If greater the binding energy per nucleon, more the stability, then why is Uranium (7.7MeV/nucleon) unstable? My book says that if the binding energy per nucleon is high, then the nucleus is stable, which is why Fe (iron), with 8.8 MeV, is most stable. Why then is Uranium unstable and subject to nuclear decay?
 A: The ${^{280}}{U}{} $ is far from the line of stability and can decay get closer to the line of stability. Consider the nucleus ${^{280}}{U} $, the alpha decay reaction is given by
$${^{280}}{U}\rightarrow {^{226}}{\text{Th}}+\alpha$$
If you go about finding $Q$-value for the reaction then you will find that
$$Q=[M({^{280}}{U})-M({^{226}}{\text{Th}})-M({^{4}}{\text{He}})]c^2=6.0\ \text{MeV}$$
So that alpha decay is allowed, because $Q>0$.

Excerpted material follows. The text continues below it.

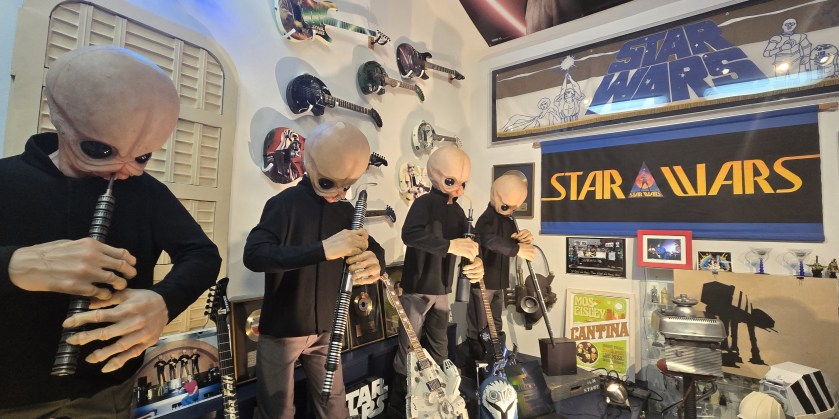 This first photo shows a fully pneumatic, musical Cantina Band animatronic from a store display. There’s also an original banner with an early logo and font used to promote the first film at San Diego Comic-Con in 1976.
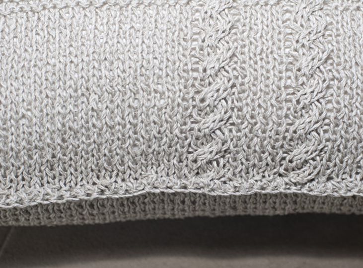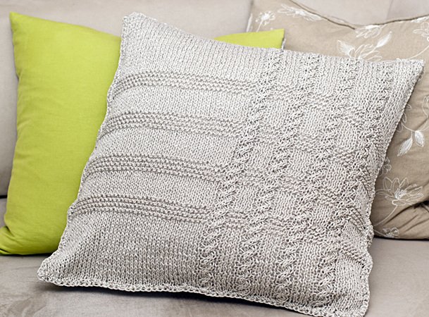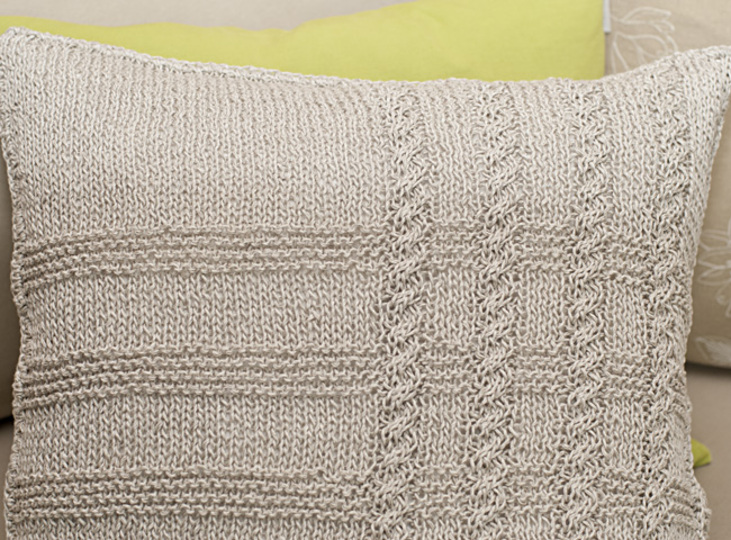 Passend für alle handelsüblichen Kissen im Format 50 x 50 cm. Hier gestrickt mit einem schönen Naturgarn aus Baumwolle und Leinen (nähere Angaben befinden sich in der Anleitung) - aber auch aus warmer Wolle gestrickt macht dieser Bezug eine tolle Figur in jedem Wohnzimmer.

These heavy nuclei have increasingly stronger Coulomb repulsion as protons are added. The expulsion of two protons (along with two neutrons) in the form of an alpha particle may decrease this column energy and make the resulting nucleus more stable.
A: the nuclear binding energy curve results from a tug-of-war between the strong nuclear force, which makes protons and neutrons stick together, and the electrostatic repulsion between protons, which makes them want badly to fly apart. Because the strong force is extremely short-ranged, the nucleons need to be nearest neighbors for that attractive force to act. On the other hand, the electrostatic repulsion is long-ranged, so that every proton in the assemblage is actively repelling every other proton present.
As you make nuclei bigger than iron, the repulsion effect grows progressively stronger, the resulting nucleus progressively less stable, and thereby more susceptible to either fissioning spontaneously or undergoing some other type of decay process.